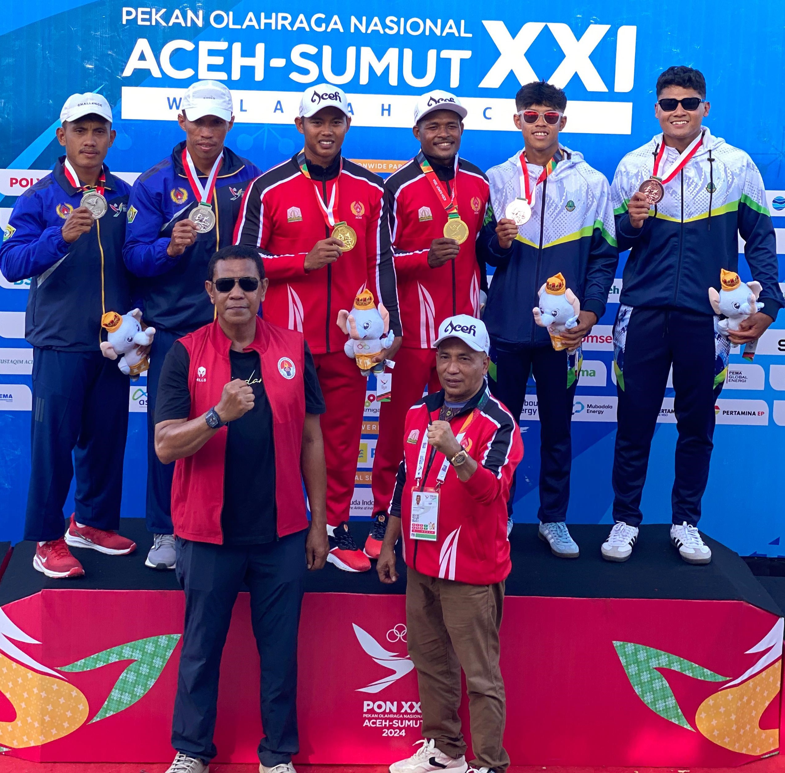 Medali emas untuk nomor ini direbut atlet Jawa Barat yang terdiri dari Rapik Saputera, Dede Sunandar, Wandi Indra, Hidayat. Sedangkan medali perunggu diraih Kalimantan Selatan yang diperkuat Abdul Hamid, Ramadani, Ibnu Abdillah dan Muhammad Faisal.
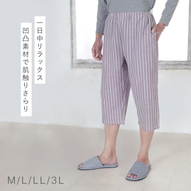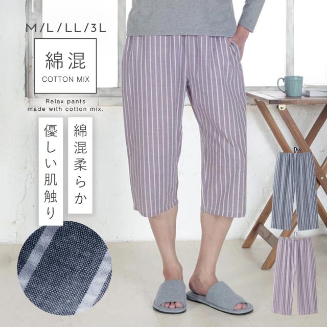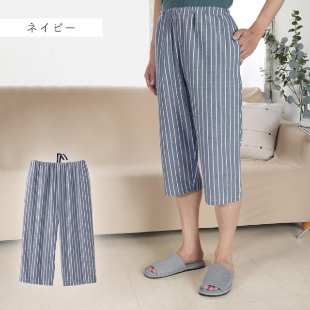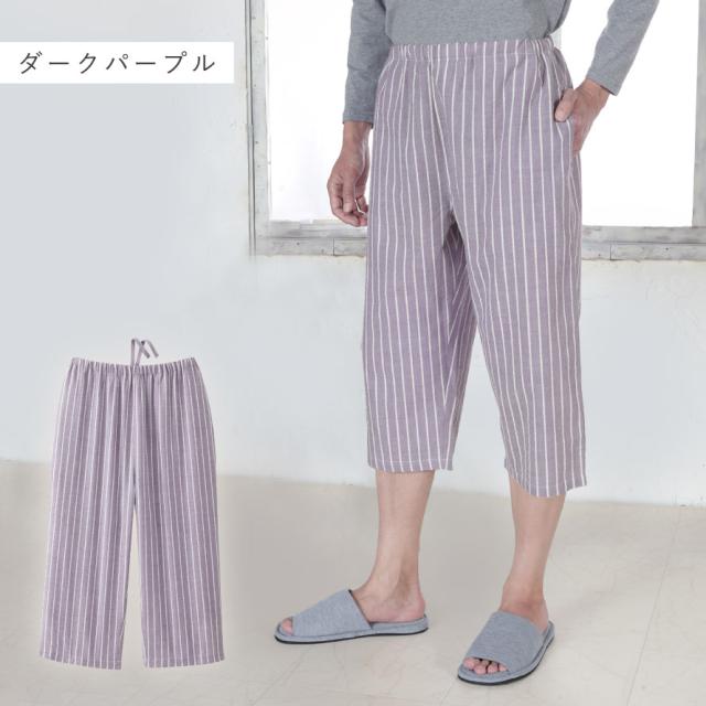 ルームパンツ メンズ,ルームパンツ 部屋着,ルームパンツ 大きいサイズ,パンツ,ルームパンツ,ズボン,下,下だけ,下のみ,ズボンだけ,ズボンのみ,6分丈,六分丈,膝下,ひざ下,綿混,綿,コットン,涼しい,涼しげ,ポケット付き,ポケット,ストライプ,ネイビー,紺,ダークパープル,パープル,紫,M,L,LL,3L,大きいサイズ,大きめ,ゆったり,パジャマ,ルームウェア,ホームウェア,部屋着,ナイトウェア,寝間着,ねまき,寝巻き,ウエストゴム,総ゴム,ウエスト,ゴム,締め付けない,しめつけない,苦しくない,さらさら,サラサラ,サラっと,さらっとしている,さらり,サラリ,爽やか,さわやか,べたつかない,ベタつかない,春,夏,春夏,大人,メンズ,男性,シニア,高齢者,お年寄り,おしゃれ,お洒落,オシャレ,
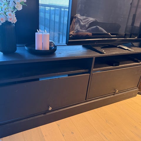 Selger en brukt TV-benk i god stand. Enkel og praktisk med hylle og skap for oppbevaring.
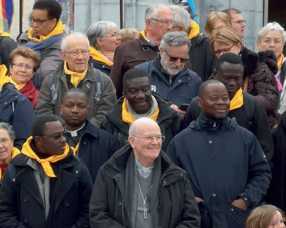 Arrivés sous un grand soleil après 7-8 heures de route, les 70 lycéens venus de tout le diocèse descendent des cars pour regagner le village des jeunes. Amélie, élève en 1re au lycée Talensac, à Nantes, participe à ce pèlerinage pour la sixième fois : « J’ai besoin de revenir chaque année pour me recentrer sur ma foi et sur Dieu, parce que même quand on prie tous les jours, on n’est jamais aussi concentré sur Lui (qu’ici) », confie-t-elle au micro de Radio Fidélité. Chaque catégorie d’âge a un programme qui lui est propre même si des temps sont partagés comme cet après-midi consacré au sacrement de réconciliation. Le premier matin (mardi), tout le diocèse se retrouve à la grotte pour une messe d’ouverture qui compte de nombreux pèlerins. Mgr James qui est sur place depuis la semaine précédente (puisque l’Assemblée plénière se tenait également à la cité mariale), constate qu’« en une semaine, le visage de Lourdes change  beaucoup ». En effet, en plus des 1300 pèlerins venus de Loire-Atlantique, d’autres diocèses comme ceux de Tours ou de Lille sont à Lourdes cette même semaine. Messe à la grotteL’occasion d’un double renouveau Pour Mgr James, ce pèlerinage est l’occasion d’un « double renouveau » ; tout d’abord pour se fortifier dans la foi, alors que l’Église connaît une période difficile. Pour cela, Mgr James invite à suivre l’exemple de Bernadette qui a « traversé des moments durs dans sa vie mais qui a tenu  dans la foi ». Et aussi, un renouveau dans la fraternité, « par le fait de se trouver à l’extérieur de nos maisons, en dehors de nos repères habituels, et de vivre un temps communautaire ». Paul Martin, hospitalier qui accompagne depuis de nombreuses années les malades à tous les pèlerinages organisés par le diocèse (avril et juillet), témoigne de « beaucoup de joie et beaucoup de partage », à la fois avec les malades qu’il est là pour servir mais aussi avec les autres  hospitaliers ; « nous  sommes une famille au service des malades du diocèse ».
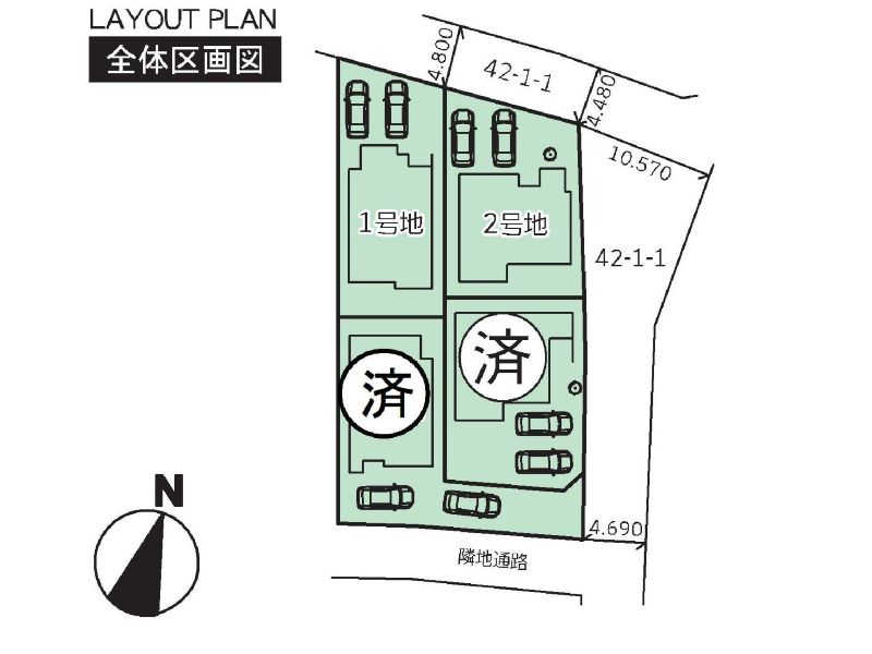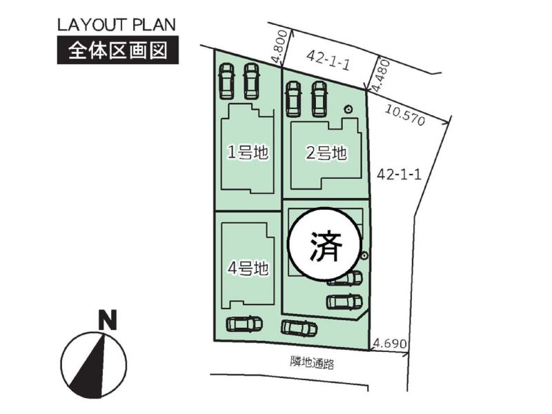 | 私道負担・道路 | 道路幅:4.4m~10.5m、アスファルト舗装、公道、私道負担無し |
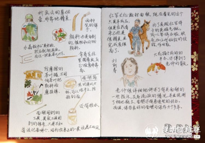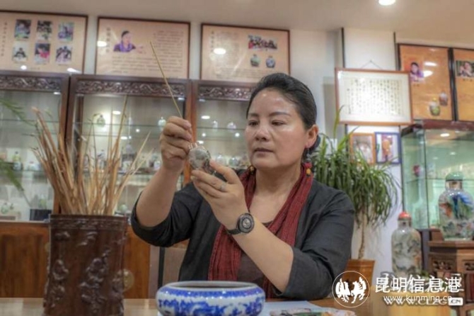 跟随打卡活动的脚步,当天下午网友们来到官渡街道体验非遗文化的魅力。“滇派内画是内画四大流派后的一个新秀,呈现了云南的民族特色和山水之美,方寸之间尽显乾坤。”随着滇派内画非遗传承人孙鸿雁的介绍,网友们和她一起走进了滇派内画的世界。现场,孙鸿雁还执笔作画,细笔在水晶瓶内勾勒出云南山水美景,精美的作品收获现场赞叹连连。而滇派面塑非遗传承人刘丽春的面塑作品同样也吸引了网友们的镜头,栩栩如生的面塑作品展现了云南风土人情也传递了非遗手工艺的魅力。
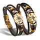 This handmade stacked bracelet features one of the twelve Zodiac signs on a round retro plate. Made of genuine raw sienna Leather, it has two braided leather cords and one main leather band. The bracelet is secured with a clasp featuring black gallstones and beads.
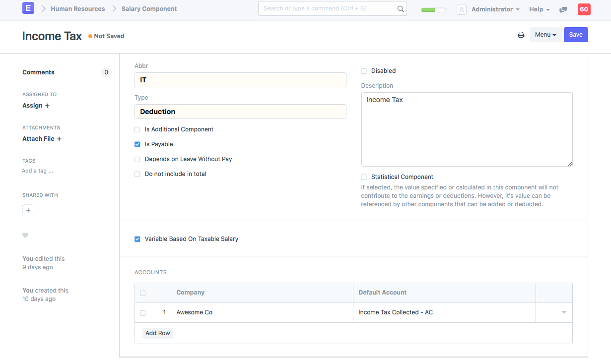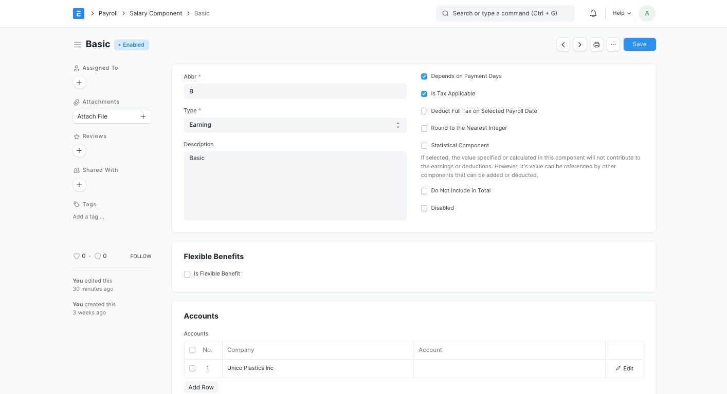 Este documento le permite definir cada componente de Ganancia y Deducción que se puede utilizar para crear una Estructura Salarial y posteriormente crear una Nómina o un Salario Adicional. También puede configurar el tipo, la condición y la fórmula, así como otros ajustes que se analizan a continuación. Debería poder habilitar varias combinaciones de las siguientes opciones para configurar cada componente según se adapte a las políticas de su empresa/región.
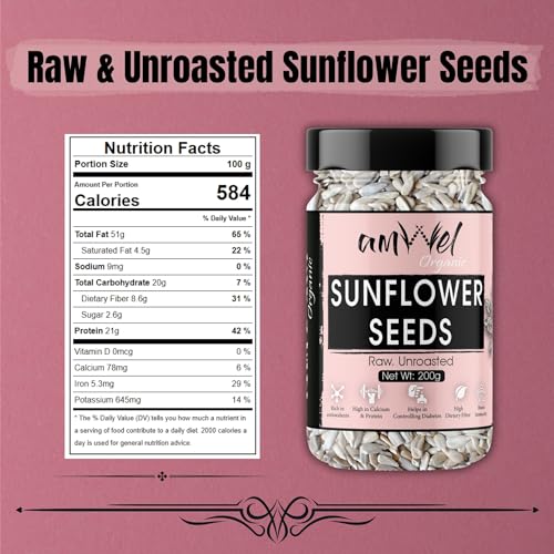 Amwel Organic Sunflower Seeds 200gm | Raw Unroasted edible seed for weight loss | Gluten Free Omega 3 High fibre Keto diet snack for eating | USDA Certified grains
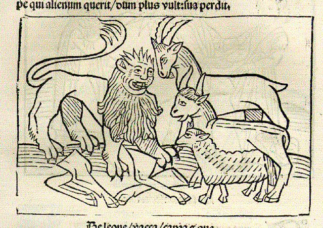 소와 염소, 양이 사자와 함께 사냥을 합니다. 네 덩이의 전리품을 나눌 때, 사자는 "내가 왕으로 부름 받았으니 첫 번째 덩이는 내가 가져가고, 두 번째 덩이는 내가 당신의 파트너이기 때문에 내가 가져가고, 세 번째 덩이는 내가 가장 강하니 내가 가져가고, 네 번째 덩이를 만지는 사람은 각오해야 할 거야"라고 말합니다.
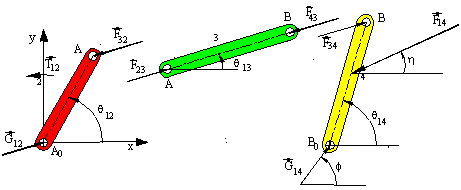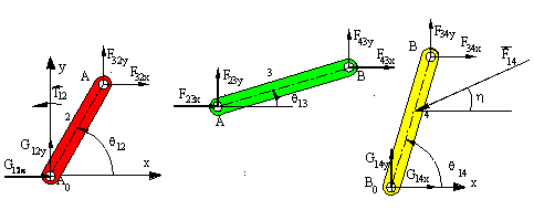 In this case to simplify the calculations we note that Fij = -Fji for the joint forces. Furthermore, since link 3 is a two-force member, F23 and F43 are equal, opposite and their line of action is along AB. Hence F23 =F23 <q13, and q13 is known from the kinematic analysis. Also link 2 is a two-force plus a moment member. Therefore:
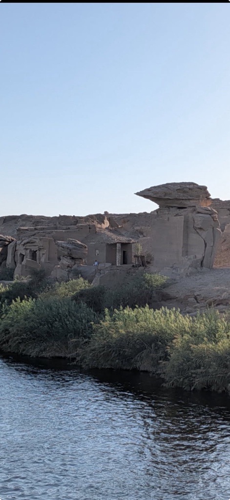 Cruising down the Nile. Lots of rocks and caves that people lived in.
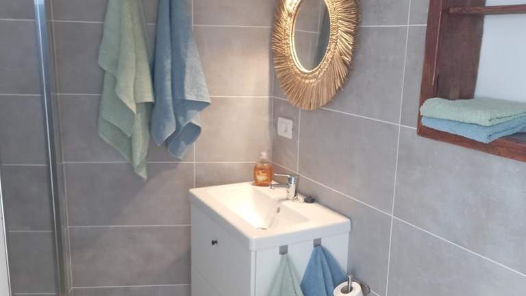 Die Ferienwohnung ist ausgestattet mit 1 Schlafzimmer, 1 Badezimmer, Bettwäsche, Handtüchern, einem Flachbild-TV mit Kabelkanälen, einem Essbereich sowie einer voll ausgestatteten Küche. Zusätzlich steht eine Terrasse mit Meerblick zur Verfügung.
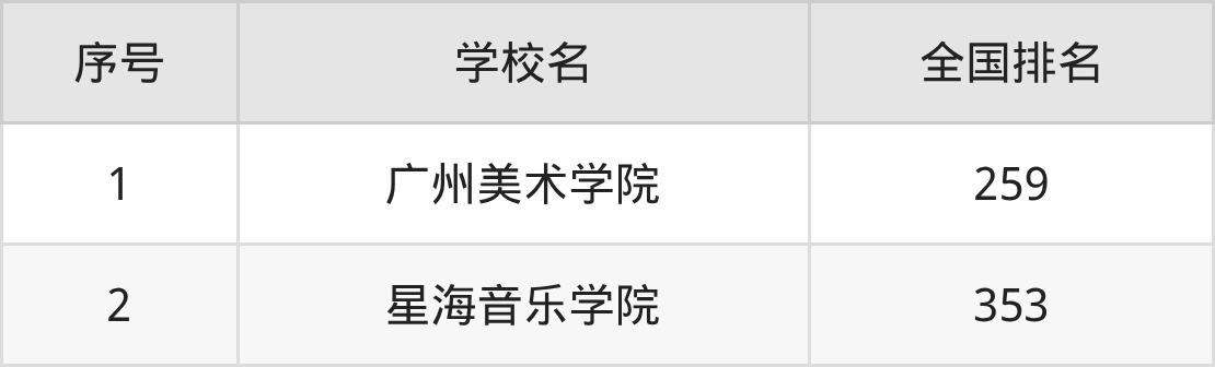 本文以校友会2025年大学全国排名为参考依据,列举广东省内艺术类大学的全国排名情况,其中排名前2的是:

=-=-=-=-=

WHAT TO PRODUCE :: Reproduce the lines above exactly, image-free.

COMPLETED EXERCISE ::
 Medali emas untuk nomor ini direbut atlet Jawa Barat yang terdiri dari Rapik Saputera, Dede Sunandar, Wandi Indra, Hidayat. Sedangkan medali perunggu diraih Kalimantan Selatan yang diperkuat Abdul Hamid, Ramadani, Ibnu Abdillah dan Muhammad Faisal.
 ルームパンツ メンズ,ルームパンツ 部屋着,ルームパンツ 大きいサイズ,パンツ,ルームパンツ,ズボン,下,下だけ,下のみ,ズボンだけ,ズボンのみ,6分丈,六分丈,膝下,ひざ下,綿混,綿,コットン,涼しい,涼しげ,ポケット付き,ポケット,ストライプ,ネイビー,紺,ダークパープル,パープル,紫,M,L,LL,3L,大きいサイズ,大きめ,ゆったり,パジャマ,ルームウェア,ホームウェア,部屋着,ナイトウェア,寝間着,ねまき,寝巻き,ウエストゴム,総ゴム,ウエスト,ゴム,締め付けない,しめつけない,苦しくない,さらさら,サラサラ,サラっと,さらっとしている,さらり,サラリ,爽やか,さわやか,べたつかない,ベタつかない,春,夏,春夏,大人,メンズ,男性,シニア,高齢者,お年寄り,おしゃれ,お洒落,オシャレ,
 Selger en brukt TV-benk i god stand. Enkel og praktisk med hylle og skap for oppbevaring.
 Arrivés sous un grand soleil après 7-8 heures de route, les 70 lycéens venus de tout le diocèse descendent des cars pour regagner le village des jeunes. Amélie, élève en 1re au lycée Talensac, à Nantes, participe à ce pèlerinage pour la sixième fois : « J’ai besoin de revenir chaque année pour me recentrer sur ma foi et sur Dieu, parce que même quand on prie tous les jours, on n’est jamais aussi concentré sur Lui (qu’ici) », confie-t-elle au micro de Radio Fidélité. Chaque catégorie d’âge a un programme qui lui est propre même si des temps sont partagés comme cet après-midi consacré au sacrement de réconciliation. Le premier matin (mardi), tout le diocèse se retrouve à la grotte pour une messe d’ouverture qui compte de nombreux pèlerins. Mgr James qui est sur place depuis la semaine précédente (puisque l’Assemblée plénière se tenait également à la cité mariale), constate qu’« en une semaine, le visage de Lourdes change  beaucoup ». En effet, en plus des 1300 pèlerins venus de Loire-Atlantique, d’autres diocèses comme ceux de Tours ou de Lille sont à Lourdes cette même semaine. Messe à la grotteL’occasion d’un double renouveau Pour Mgr James, ce pèlerinage est l’occasion d’un « double renouveau » ; tout d’abord pour se fortifier dans la foi, alors que l’Église connaît une période difficile. Pour cela, Mgr James invite à suivre l’exemple de Bernadette qui a « traversé des moments durs dans sa vie mais qui a tenu  dans la foi ». Et aussi, un renouveau dans la fraternité, « par le fait de se trouver à l’extérieur de nos maisons, en dehors de nos repères habituels, et de vivre un temps communautaire ». Paul Martin, hospitalier qui accompagne depuis de nombreuses années les malades à tous les pèlerinages organisés par le diocèse (avril et juillet), témoigne de « beaucoup de joie et beaucoup de partage », à la fois avec les malades qu’il est là pour servir mais aussi avec les autres  hospitaliers ; « nous  sommes une famille au service des malades du diocèse ».
 | 私道負担・道路 | 道路幅:4.4m~10.5m、アスファルト舗装、公道、私道負担無し |
 跟随打卡活动的脚步,当天下午网友们来到官渡街道体验非遗文化的魅力。“滇派内画是内画四大流派后的一个新秀,呈现了云南的民族特色和山水之美,方寸之间尽显乾坤。”随着滇派内画非遗传承人孙鸿雁的介绍,网友们和她一起走进了滇派内画的世界。现场,孙鸿雁还执笔作画,细笔在水晶瓶内勾勒出云南山水美景,精美的作品收获现场赞叹连连。而滇派面塑非遗传承人刘丽春的面塑作品同样也吸引了网友们的镜头,栩栩如生的面塑作品展现了云南风土人情也传递了非遗手工艺的魅力。
 This handmade stacked bracelet features one of the twelve Zodiac signs on a round retro plate. Made of genuine raw sienna Leather, it has two braided leather cords and one main leather band. The bracelet is secured with a clasp featuring black gallstones and beads.
 Este documento le permite definir cada componente de Ganancia y Deducción que se puede utilizar para crear una Estructura Salarial y posteriormente crear una Nómina o un Salario Adicional. También puede configurar el tipo, la condición y la fórmula, así como otros ajustes que se analizan a continuación. Debería poder habilitar varias combinaciones de las siguientes opciones para configurar cada componente según se adapte a las políticas de su empresa/región.
 Amwel Organic Sunflower Seeds 200gm | Raw Unroasted edible seed for weight loss | Gluten Free Omega 3 High fibre Keto diet snack for eating | USDA Certified grains
 소와 염소, 양이 사자와 함께 사냥을 합니다. 네 덩이의 전리품을 나눌 때, 사자는 "내가 왕으로 부름 받았으니 첫 번째 덩이는 내가 가져가고, 두 번째 덩이는 내가 당신의 파트너이기 때문에 내가 가져가고, 세 번째 덩이는 내가 가장 강하니 내가 가져가고, 네 번째 덩이를 만지는 사람은 각오해야 할 거야"라고 말합니다.
 In this case to simplify the calculations we note that Fij = -Fji for the joint forces. Furthermore, since link 3 is a two-force member, F23 and F43 are equal, opposite and their line of action is along AB. Hence F23 =F23 <q13, and q13 is known from the kinematic analysis. Also link 2 is a two-force plus a moment member. Therefore:
 Cruising down the Nile. Lots of rocks and caves that people lived in.
 Die Ferienwohnung ist ausgestattet mit 1 Schlafzimmer, 1 Badezimmer, Bettwäsche, Handtüchern, einem Flachbild-TV mit Kabelkanälen, einem Essbereich sowie einer voll ausgestatteten Küche. Zusätzlich steht eine Terrasse mit Meerblick zur Verfügung.
 本文以校友会2025年大学全国排名为参考依据,列举广东省内艺术类大学的全国排名情况,其中排名前2的是:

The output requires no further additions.